05 May, 2007

Have I ever mentioned...

I HATE SATURDAY. No, seriously, the day that a large percentage of the working world LIVES for *I* despise. We'll start this story at 3:30 this morning. Only 3 and a half hours into a Saturday and I already despise it. Those of you with children will understand this next statement. Oak was half up all night. He was the kind of "sleeping" that required me to be patting and holding in a binky all night long. If I stopped patting his bottom he fussed. At 3:30 I gave up and came downstairs. I did the whole diaper change, onesie change, wrap in a blanket ritual and nursed him while watching something on television (not sure even what, I must have slept through that part, lol). At 5-something I heard dh's alarm go off. He came clomping down the stairs and appeared in the doorway to the living room. He wasn't alone though. Zella was up. OMG! Please no. I lost it, started crying, making dh feel like a real jerk because there was nothing he could do. He had to get ready for work. To my astonishment there were cartoons on television already.
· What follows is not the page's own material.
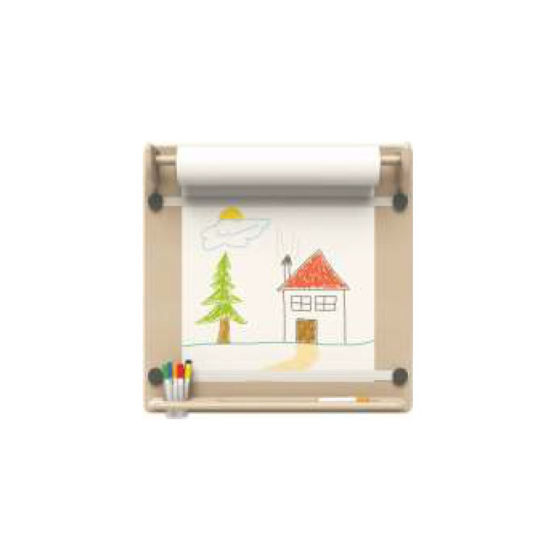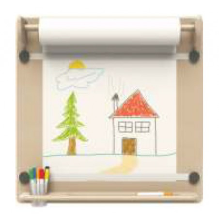 Interamente realizzata in legno multistrato di betulla lucidato al naturale con vernici atossiche con bordature perimetrali a profilo e spigoli arrotondati. Dotato di carta in rotolo da cm. 60, di lame ferma foglio con volantini e mensola con foro porta bicchieri e vano porta pennarelli. Dim. Cm. 70x70h (1 rotolo incluso)

Oak had just fallen into a good sleep and I told Zella I was going to bed. She was downstairs until about 6 when she came tromping up the stairs. She cried herself to sleep in my bed because I wouldn't nurse her. Finn got up at quarter to 7 and immediately began his impatient begging for breakfast. He woke Oak again at 7:30 so I got up again and took him downstairs so he wouldn't wake Zella. So, Finn has a gloppy nose and quite a cough. Winnie came down next and is sneezing and coughing with the nose-glop as well. Zella woke around 9 and immediately smeared herself with the glop coming from HER nose. Oiy. Oak has slept in fits for much of the morning but it's not a good, hard sleep, it's that fuss, fuss, wiggle with the eyes closed sleep.

To make the day extra special, I have a UTI. At least, I'm thinking so. A conversation with the midwife yesterday included warnings of needing to take it easy. The next person who says that is getting slimed with nose glop because every time somebody says that things get WORSE and more chaotic. It's possible I could talk my MIL into helping me today but she worked the last 2 days and is likely exhausted. I don't wanna do that to her.

Oh, did I mention that we have $17 in the bank. This is for the entire month of May. Well, there's a paycheck dh will pick up today but it's only 20 hours of work since it included the weekend Oak was born. With gas at $3/gallon we're hurting. Our IRS refund is being held because I didn't include a W-2. How I managed that I don't know but we have to wait for the letter from them, mail the W-2 in, wait who knows how long for them to cut the check, etc... . We're hoping to recover our deductible from the accident in November but the mediation isn't until the 17th so I'm not counting on that money helping us out this month. Don't tell the kids, but I'm emptying their piggy banks and cashing them in for groceries, lol.

Speaking of, I've challenged myself to make a pantry-blasting menu. Since we visit the food pantry we end up with piles of random stuff with which to create meals. I'd like to use up a good amount of that random stuff but do it so I don't feel like we're being deprived of real food. Pinto beans, rice, instant potatoes, pasta... . We've got food, I just need to use it up. That $17 will be to supplement the menu with things like eggs, which we're out of, and other staples.

On a positive note, we couldn't have found a better time to apply for Y assistance, lol. Having basically no income means the kids can actually qualify to go to summer camp, take swim lessons, etc... . I'm so excited for them. Plus, them being in camp means *I* can start back up with caring for Granny once/week and bring in a little bit of spending cash. Woo-hoo! It's stopped raining so I expect at least Finn to be out most of the day. After calling the midwife due to increased bleeding and a weird feeling in my gut, the bleeding and clot passing (TMI, sorry) essentially disappeared again. I'm wearing a bandanna on my head, this gives me pleasure, not sure why, but I do feel good. The sheets on the beds need changed but there are clean ones to put on so that's nifty. Zella drew on herself with Sharpie marker last night but it mostly came off with baby soap and a washcloth. So there's some happiness to end this blog. Keep thinking sunshine and rainbows for me, will ya?